**DATASET CONTENT**
○ ○ ○

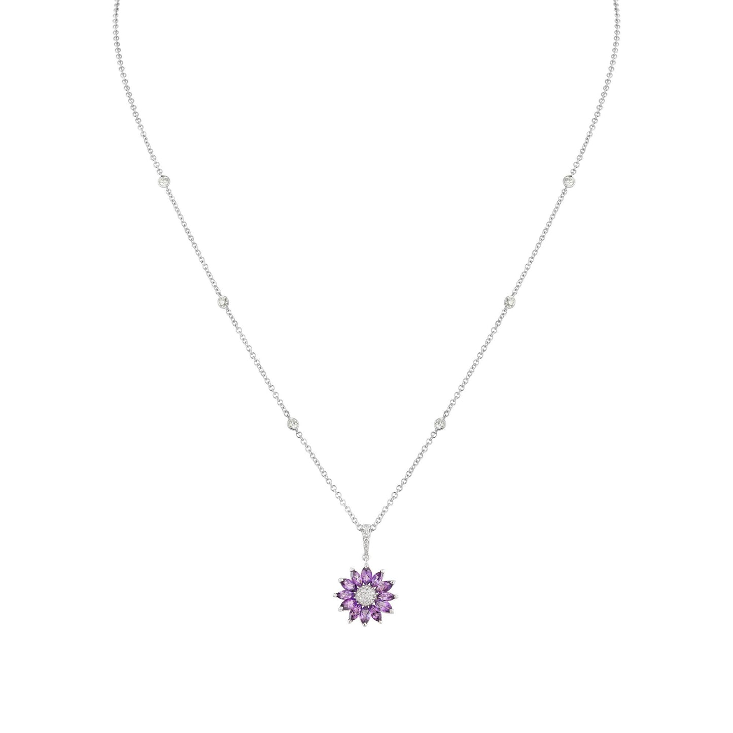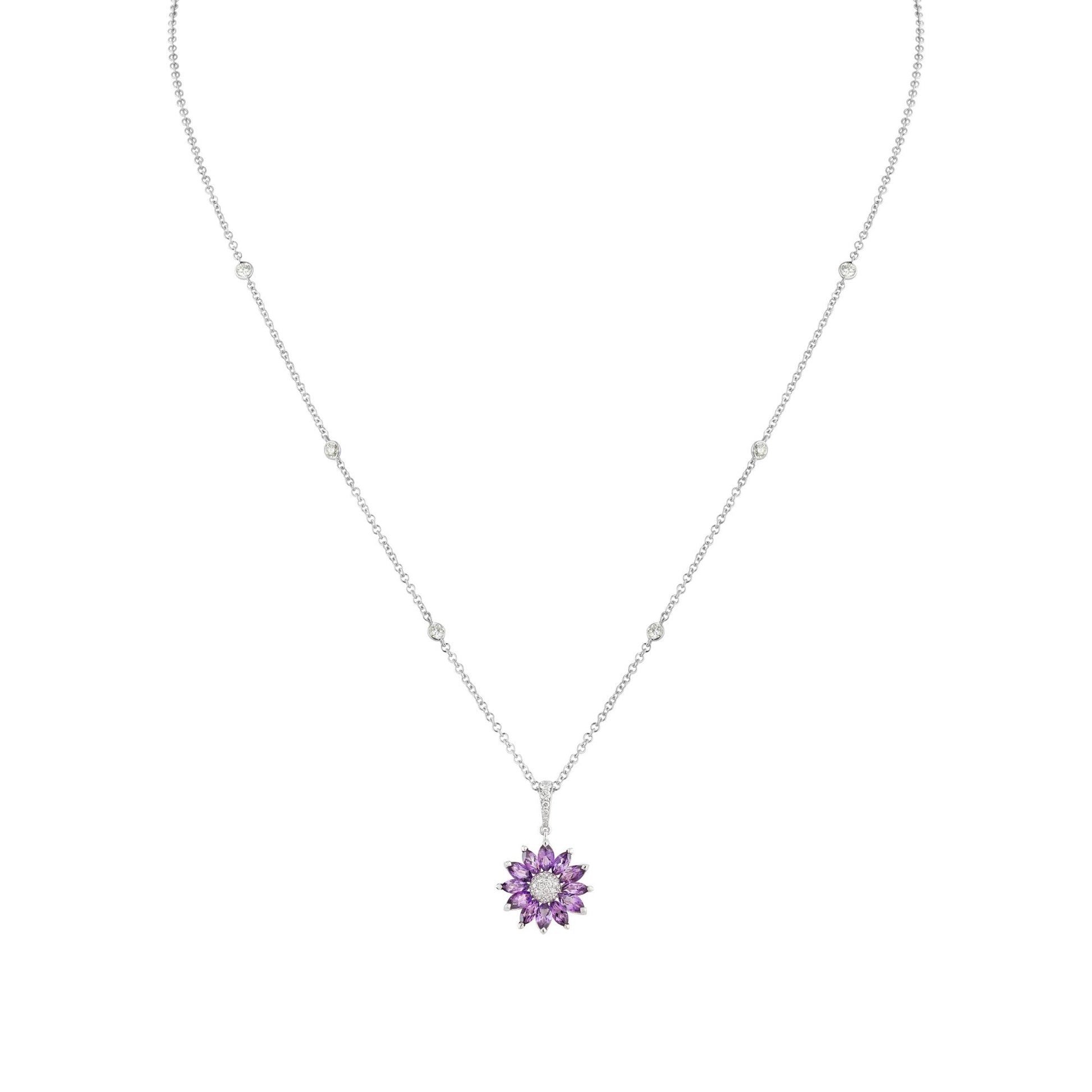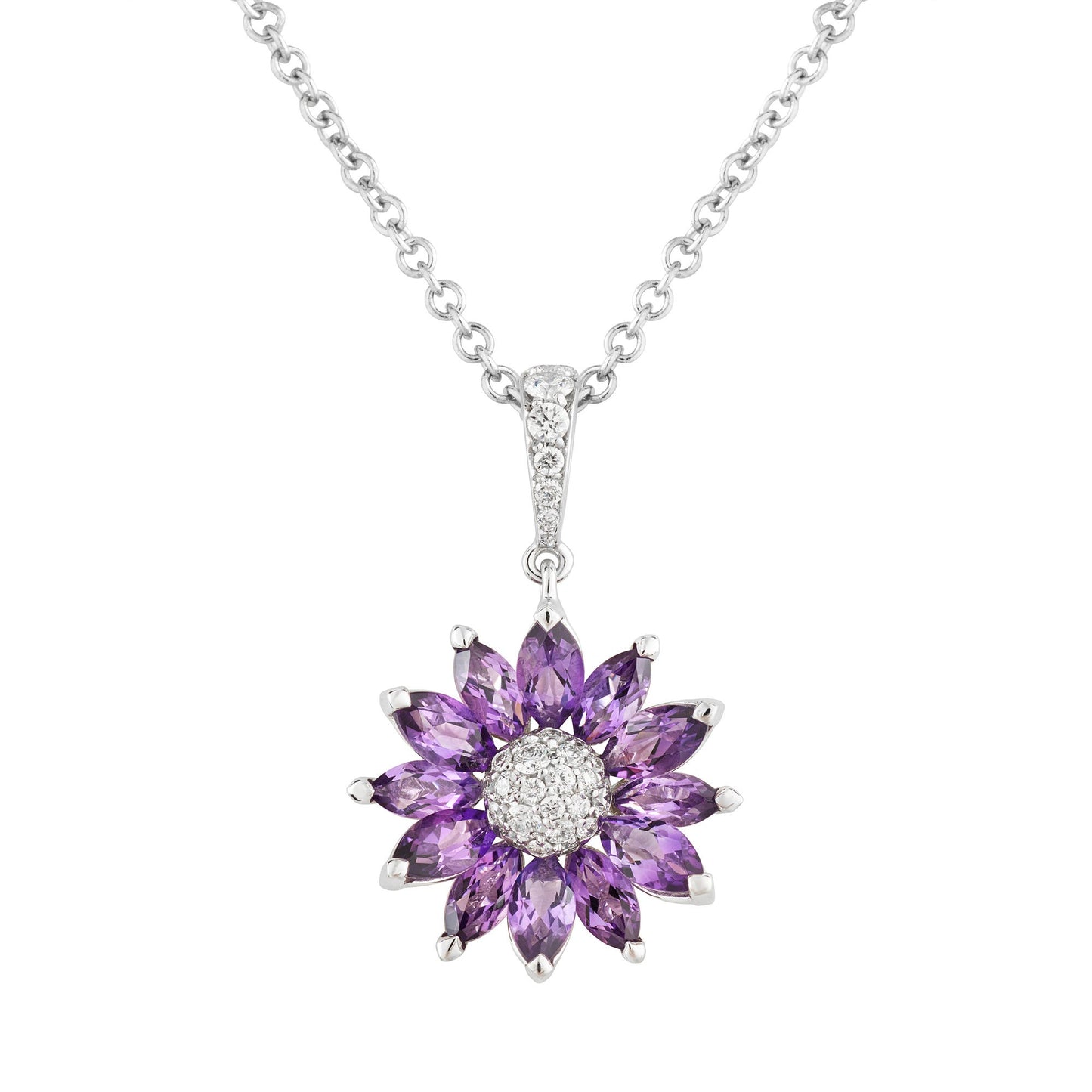 Asprey’s jewellery pays homage to the natural world and this Daisy necklace is a radiant tribute to the beauty found in every petal. It’s hand-cast in 18ct white gold with pavé-set diamonds peppered down the chain and in the heart of the flower, then framed with marquise-cut amethyst petals. Pair it with coordinating jewellery from the namesake collection.
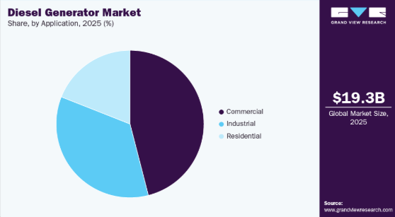 ディーゼル発電機は、予備電源、主電源、および連続電源用途において依然として広く使用されており、その耐久性、運用上の柔軟性、および費用対効果の高さから、中・大容量のユニットが好まれています。停電時に即座に電力を供給し、医療、製造、データセンター、建設などの分野における重要な業務を支える能力は、市場の成長をさらに後押ししています。米国、日本、インド、中国などの国々におけるインフラプロジェクトの継続的な拡大に加え、産業開発や電力供給の信頼性向上に向けた政府の支援的な投資が、世界的なディーゼル発電機の導入を後押しし続けています。
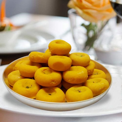 Buy this bowl of yummy 1/2 Kg (Gross Weight) Kesaria Pedas from Haldirams and make your dear one feel on top of the world.

○ ○ ○

**YOUR ASSIGNMENT**
Line by line, reproduce the material above exactly, leaving each picture out.

**ANSWER TO THIS EXERCISE**
 Asprey’s jewellery pays homage to the natural world and this Daisy necklace is a radiant tribute to the beauty found in every petal. It’s hand-cast in 18ct white gold with pavé-set diamonds peppered down the chain and in the heart of the flower, then framed with marquise-cut amethyst petals. Pair it with coordinating jewellery from the namesake collection.
 ディーゼル発電機は、予備電源、主電源、および連続電源用途において依然として広く使用されており、その耐久性、運用上の柔軟性、および費用対効果の高さから、中・大容量のユニットが好まれています。停電時に即座に電力を供給し、医療、製造、データセンター、建設などの分野における重要な業務を支える能力は、市場の成長をさらに後押ししています。米国、日本、インド、中国などの国々におけるインフラプロジェクトの継続的な拡大に加え、産業開発や電力供給の信頼性向上に向けた政府の支援的な投資が、世界的なディーゼル発電機の導入を後押しし続けています。
 Buy this bowl of yummy 1/2 Kg (Gross Weight) Kesaria Pedas from Haldirams and make your dear one feel on top of the world.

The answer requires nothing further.